Phospholipid bilayers of lateral dimensions ∼165 × 172 Å and ratios of 0:1, 1:8, 1:5, 1:3, 1:2, and 1:1 acidic lipid (phosphatidylserine) to neutral lipids (phosphatidylcholine) were built as described in previous work (30, 33-37, 39, 47). In vivo, the distribution of acidic lipids is known to be asymmetric across the bilayer, and following previous studies (30, 33, 35-40, 48, 49), we assume that all of the phosphatidylserine is located on the cytosolic leaflet of the rod outer segment membranes. Except where specified otherwise, in our calculations we used bilayers with a ratio of 1:2 phosphatidylserine/phosphatidylcholine; this ratio has been assumed to be a reasonable approximation for the lipid composition facing the transducin under physiological conditions (30), and indeed, as shown in Fig. 4 and discussed below, this membrane composition is representative of the wider range of possible compositions. As in previous work, we assume that the bilayer does not change structure or position when it interacts with the protein (see Ref. 30).

FIGURE 4. — **Dependence of transducin-membrane electrostatic interactions on membrane composition.** Calculation of the electrostatic free energy of interaction of different G_t states with bilayers of different acidic lipid composition.

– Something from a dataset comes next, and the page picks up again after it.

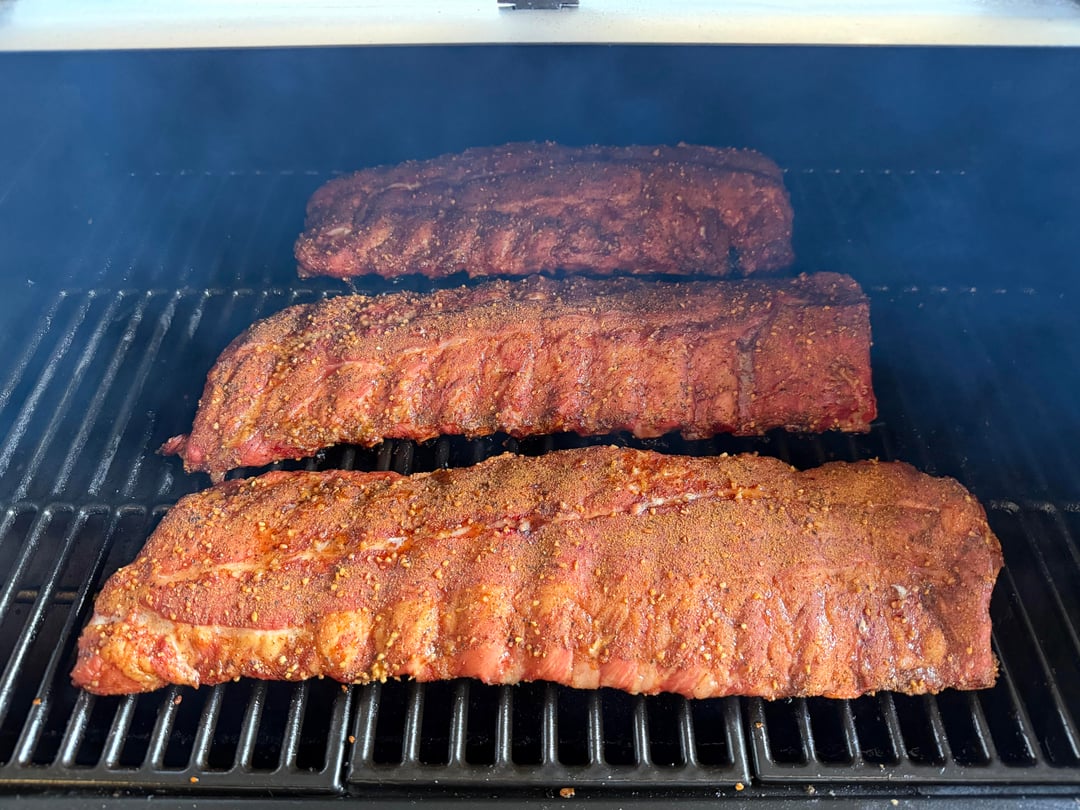 I recently got a new pellet smoker the Pit Boss 850 DX and had made some chicken, fish, St. Louis ribs, and steak so far. Today was my first time making baby back ribs on the smoker and I was blown away by the results! I used pit boss brand competition blend pellets. I opted for a light mustard binder, base rub started off using Kinder’s salt pepper and garlic blend. Then I did a light coat of a new rub I saw at Costco called Cowboy Candy it had a little jalapeño in it and then topped it off with a dusting of Kinder’s bourbon peach rub.

The *vertical dashed line* marks the lipid composition used in most calculations here (33% acidic lipids), whereas the *two vertical dotted lines* mark the range of possible lipid compositions facing transducin in rod outer segment disks (see text for details).

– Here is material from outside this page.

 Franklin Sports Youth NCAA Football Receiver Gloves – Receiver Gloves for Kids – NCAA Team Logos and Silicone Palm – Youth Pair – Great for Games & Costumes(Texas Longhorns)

Calculating Electrostatic Free Energies for Protein-Membrane Interactions—The protein/membrane model was mapped onto a fine three-dimensional grid, where each small cube represents a small region of the peptide, membrane, or solvent. As in previous studies of comparable protein-membrane systems (30, 33-37, 39), we took the charges and radii used for the amino acids from the CHARMM22 parameter set and for the lipids from Ref. 47. Regions inside the molecular surfaces of the protein and membrane were assigned a dielectric constant of 2, and those outside were assigned a dielectric constant of 80, combined with an ion exclusion layer of 2 Å around the solute. Unless stated otherwise, the salt concentration was set to 100 mm, as in previous studies (30, 33, 35-40). The numerical calculation of the potential was iterated to convergence, defined as the point at which the potential changes less than 10^-5 kT/e between successive iterations. A sequence of focusing runs of increasing resolution was employed to calculate the electrostatic potentials (e.g. 0.3, 0.6, 1.2, and 2.4 grid/Å). Electrostatic energies were obtained using the calculated potentials, and the electrostatic energy of a protein-membrane interaction was determined as the difference between the following: 1) the electrostatic free energy of the protein in a specific orientation and distance relative to the membrane surface; and 2) the electrostatic free energies of the protein and membrane infinitely far apart (i.e. calculated separately). The numerical error of the free energy calculations, estimated by the difference between the calculations of the two highest resolution scales, was <0.1 kcal/mol in all calculations. More details on the methodology can be found in Refs. 30, 33-37, 39, 40.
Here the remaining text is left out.